((
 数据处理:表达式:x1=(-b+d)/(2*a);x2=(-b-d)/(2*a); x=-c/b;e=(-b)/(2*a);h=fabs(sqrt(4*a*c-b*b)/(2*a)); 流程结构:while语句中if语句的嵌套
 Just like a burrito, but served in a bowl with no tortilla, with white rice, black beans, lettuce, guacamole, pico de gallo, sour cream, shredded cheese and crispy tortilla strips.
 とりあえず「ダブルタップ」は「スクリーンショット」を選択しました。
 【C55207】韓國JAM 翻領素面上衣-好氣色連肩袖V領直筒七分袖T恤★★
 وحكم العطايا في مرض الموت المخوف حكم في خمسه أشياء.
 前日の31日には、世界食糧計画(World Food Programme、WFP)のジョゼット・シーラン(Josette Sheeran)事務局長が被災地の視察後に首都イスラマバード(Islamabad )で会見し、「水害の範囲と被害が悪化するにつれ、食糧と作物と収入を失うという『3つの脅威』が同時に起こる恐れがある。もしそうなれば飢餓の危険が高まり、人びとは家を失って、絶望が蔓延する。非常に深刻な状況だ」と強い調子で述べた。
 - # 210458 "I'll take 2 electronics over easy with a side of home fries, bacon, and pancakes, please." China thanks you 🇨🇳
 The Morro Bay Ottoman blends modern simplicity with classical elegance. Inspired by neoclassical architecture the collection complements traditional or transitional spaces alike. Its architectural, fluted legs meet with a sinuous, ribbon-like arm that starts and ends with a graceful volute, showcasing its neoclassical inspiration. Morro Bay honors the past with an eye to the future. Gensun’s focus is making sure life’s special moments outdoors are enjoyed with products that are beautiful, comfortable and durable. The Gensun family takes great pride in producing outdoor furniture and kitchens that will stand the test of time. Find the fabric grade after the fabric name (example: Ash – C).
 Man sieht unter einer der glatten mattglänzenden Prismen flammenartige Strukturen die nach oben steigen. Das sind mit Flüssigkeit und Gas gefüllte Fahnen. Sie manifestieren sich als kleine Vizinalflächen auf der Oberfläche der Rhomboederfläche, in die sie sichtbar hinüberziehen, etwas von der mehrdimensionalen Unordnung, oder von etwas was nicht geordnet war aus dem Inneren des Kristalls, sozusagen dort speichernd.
))
## [WORK ORDER]
Each record above should be repeated exactly as it appears.

## [RESULT]
 数据处理:表达式:x1=(-b+d)/(2*a);x2=(-b-d)/(2*a); x=-c/b;e=(-b)/(2*a);h=fabs(sqrt(4*a*c-b*b)/(2*a)); 流程结构:while语句中if语句的嵌套
 Just like a burrito, but served in a bowl with no tortilla, with white rice, black beans, lettuce, guacamole, pico de gallo, sour cream, shredded cheese and crispy tortilla strips.
 とりあえず「ダブルタップ」は「スクリーンショット」を選択しました。
 【C55207】韓國JAM 翻領素面上衣-好氣色連肩袖V領直筒七分袖T恤★★
 وحكم العطايا في مرض الموت المخوف حكم في خمسه أشياء.
 前日の31日には、世界食糧計画(World Food Programme、WFP)のジョゼット・シーラン(Josette Sheeran)事務局長が被災地の視察後に首都イスラマバード(Islamabad )で会見し、「水害の範囲と被害が悪化するにつれ、食糧と作物と収入を失うという『3つの脅威』が同時に起こる恐れがある。もしそうなれば飢餓の危険が高まり、人びとは家を失って、絶望が蔓延する。非常に深刻な状況だ」と強い調子で述べた。
 - # 210458 "I'll take 2 electronics over easy with a side of home fries, bacon, and pancakes, please." China thanks you 🇨🇳
 The Morro Bay Ottoman blends modern simplicity with classical elegance. Inspired by neoclassical architecture the collection complements traditional or transitional spaces alike. Its architectural, fluted legs meet with a sinuous, ribbon-like arm that starts and ends with a graceful volute, showcasing its neoclassical inspiration. Morro Bay honors the past with an eye to the future. Gensun’s focus is making sure life’s special moments outdoors are enjoyed with products that are beautiful, comfortable and durable. The Gensun family takes great pride in producing outdoor furniture and kitchens that will stand the test of time. Find the fabric grade after the fabric name (example: Ash – C).
 Man sieht unter einer der glatten mattglänzenden Prismen flammenartige Strukturen die nach oben steigen. Das sind mit Flüssigkeit und Gas gefüllte Fahnen. Sie manifestieren sich als kleine Vizinalflächen auf der Oberfläche der Rhomboederfläche, in die sie sichtbar hinüberziehen, etwas von der mehrdimensionalen Unordnung, oder von etwas was nicht geordnet war aus dem Inneren des Kristalls, sozusagen dort speichernd.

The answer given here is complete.